▶ **TASK INSTRUCTIONS**
Data follows below. Repeat exactly the lines between the line holding "Жакет прямого крою" and the line holding "楊文科(左)張鎮榮期盼府會和諧,共創縣民福祉。 何高祿攝", inclusive, and nothing more; drop pictures.

====== RECORDS PROVIDED

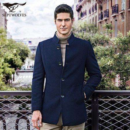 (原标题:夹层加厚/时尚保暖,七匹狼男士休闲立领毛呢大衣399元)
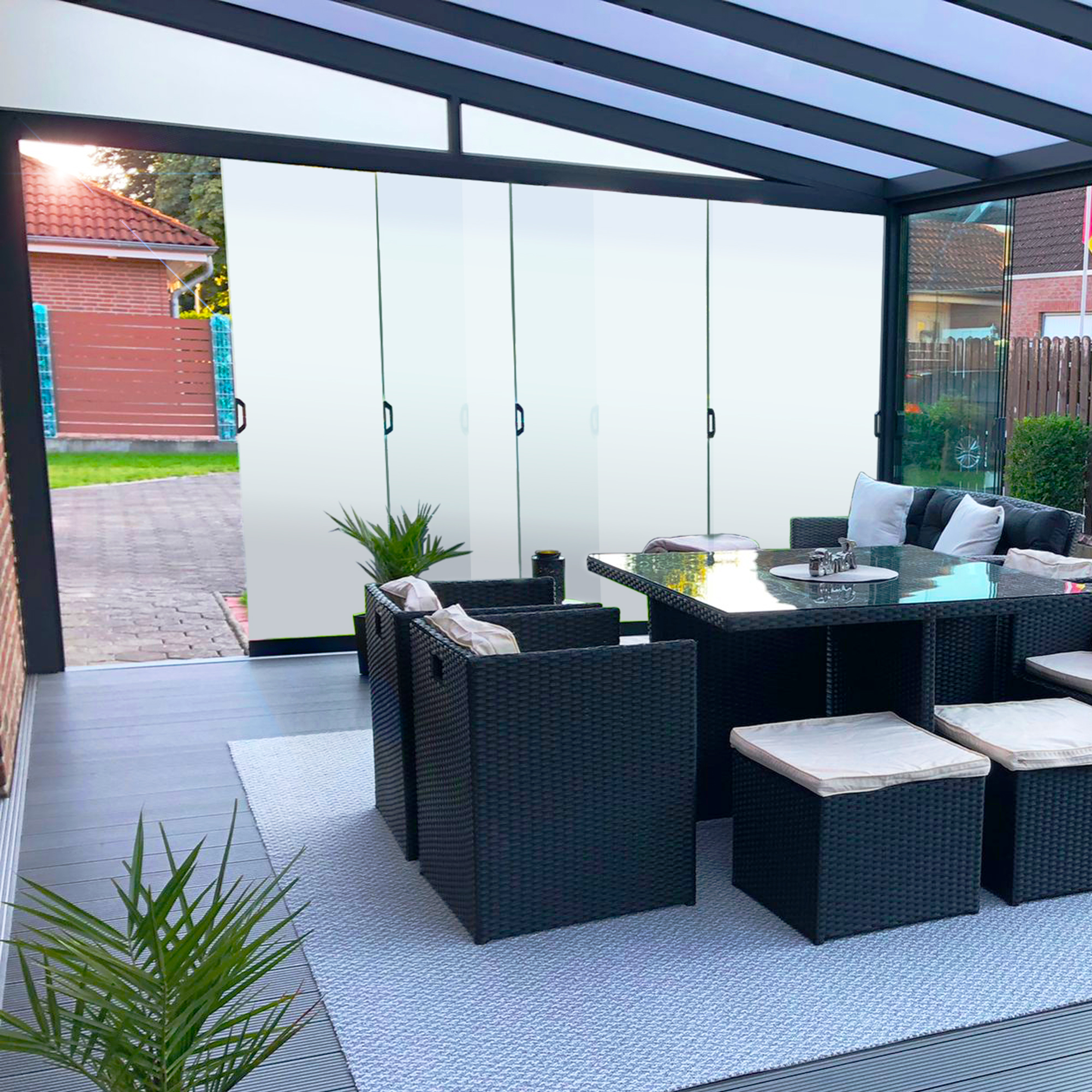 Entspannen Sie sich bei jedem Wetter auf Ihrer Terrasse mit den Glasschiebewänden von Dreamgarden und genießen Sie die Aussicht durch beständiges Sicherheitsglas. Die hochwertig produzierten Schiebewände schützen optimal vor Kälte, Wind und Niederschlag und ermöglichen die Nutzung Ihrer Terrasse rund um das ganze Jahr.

============
====== RECORDS PROVIDED

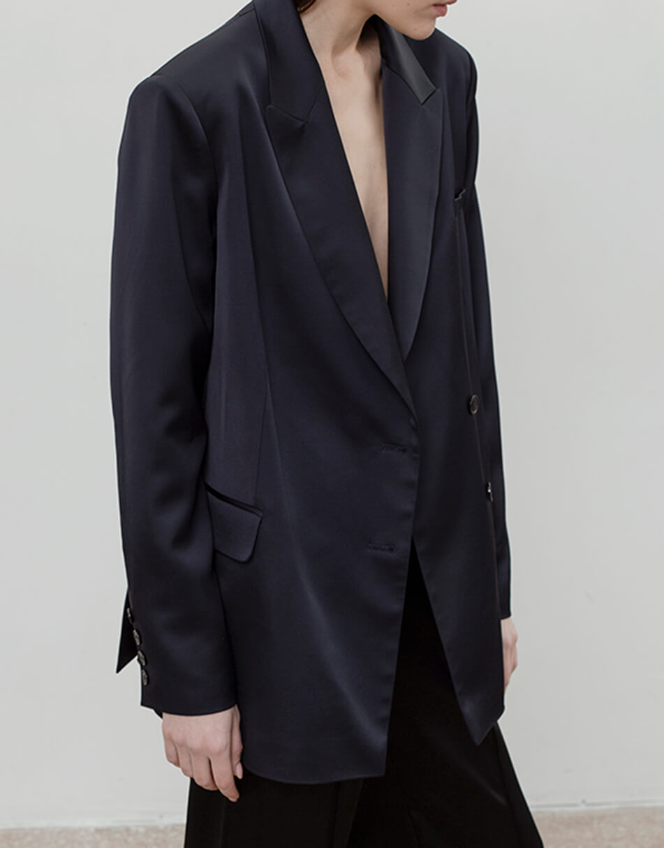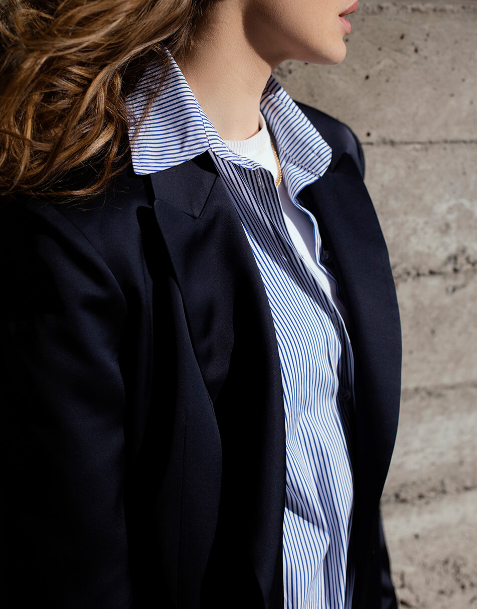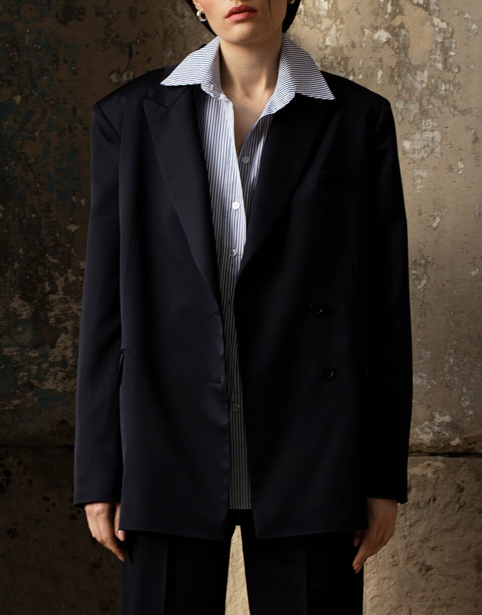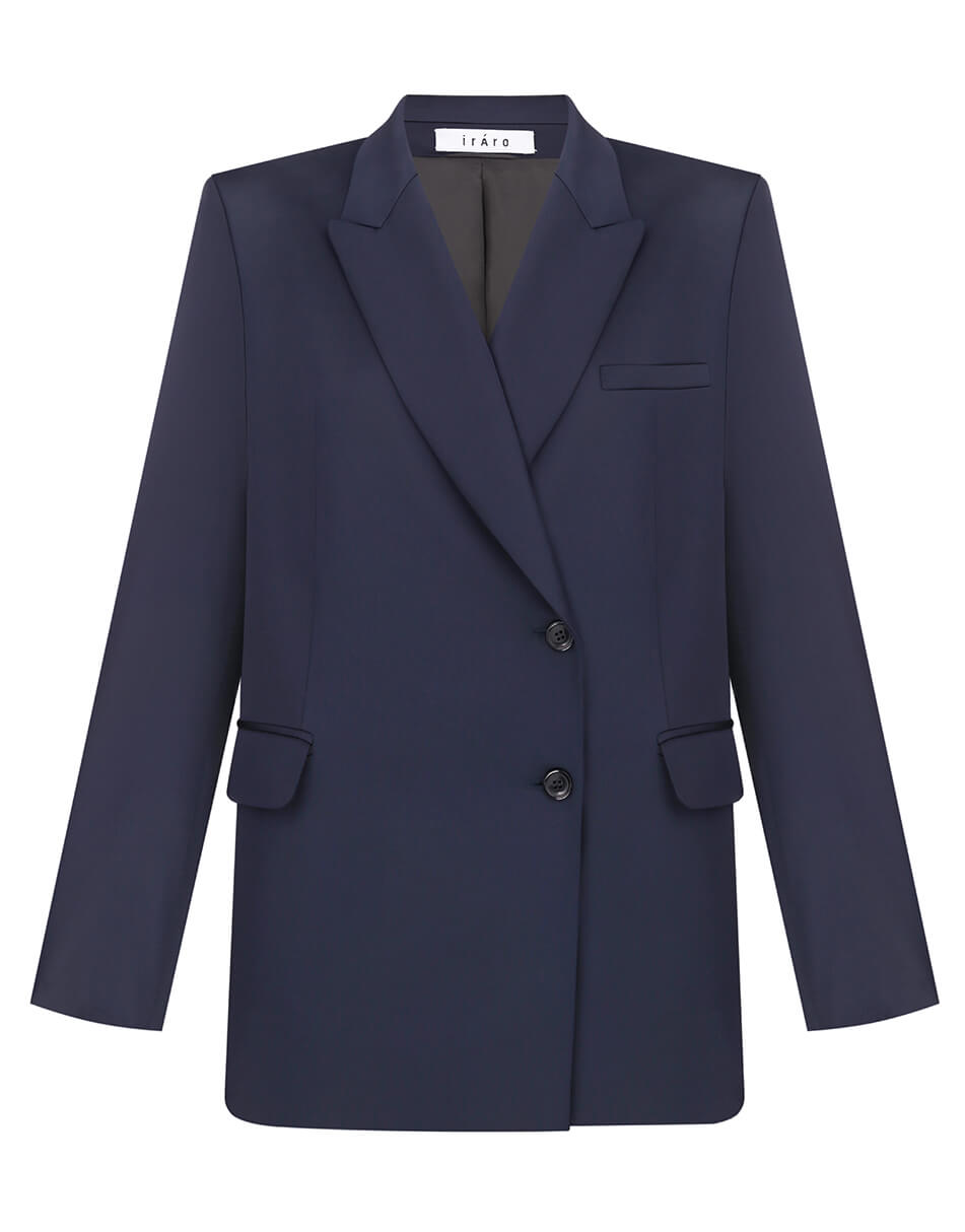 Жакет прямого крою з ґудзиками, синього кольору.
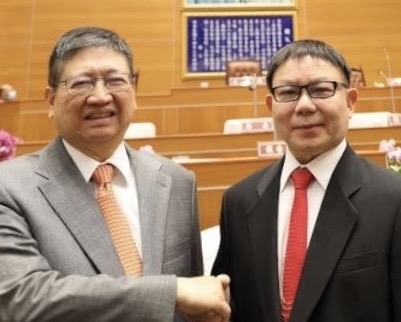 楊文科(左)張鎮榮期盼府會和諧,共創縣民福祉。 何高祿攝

============
====== RECORDS PROVIDED

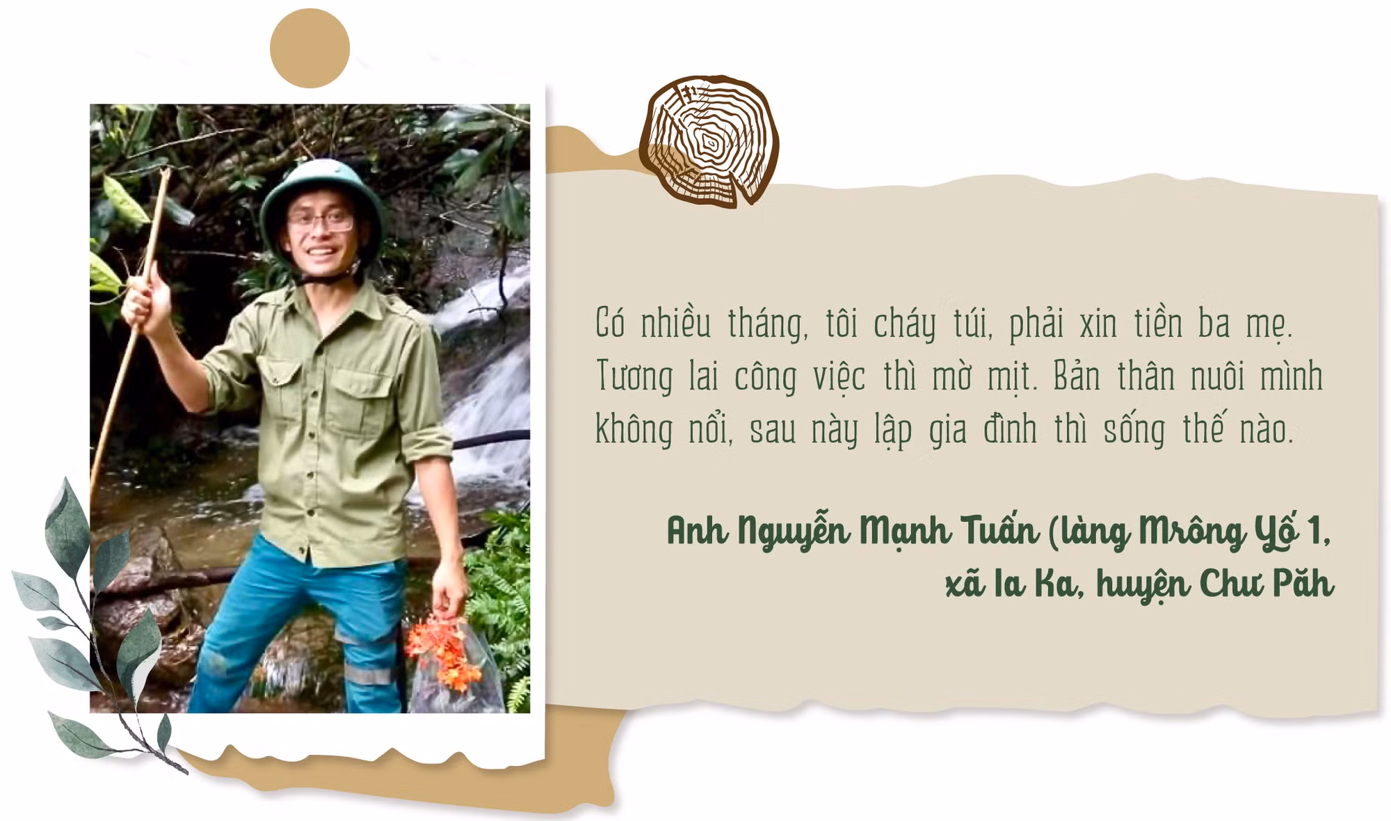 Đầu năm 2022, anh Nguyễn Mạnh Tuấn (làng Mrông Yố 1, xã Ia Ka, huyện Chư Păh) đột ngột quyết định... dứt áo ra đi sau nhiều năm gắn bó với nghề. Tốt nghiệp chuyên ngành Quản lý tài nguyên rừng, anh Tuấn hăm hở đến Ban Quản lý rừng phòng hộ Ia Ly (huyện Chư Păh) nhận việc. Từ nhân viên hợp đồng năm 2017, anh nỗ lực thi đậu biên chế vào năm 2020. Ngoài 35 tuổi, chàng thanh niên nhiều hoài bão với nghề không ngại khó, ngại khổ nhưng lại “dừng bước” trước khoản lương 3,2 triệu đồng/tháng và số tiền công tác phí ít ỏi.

============

▶ **SOLUTION**
 Жакет прямого крою з ґудзиками, синього кольору.
 楊文科(左)張鎮榮期盼府會和諧,共創縣民福祉。 何高祿攝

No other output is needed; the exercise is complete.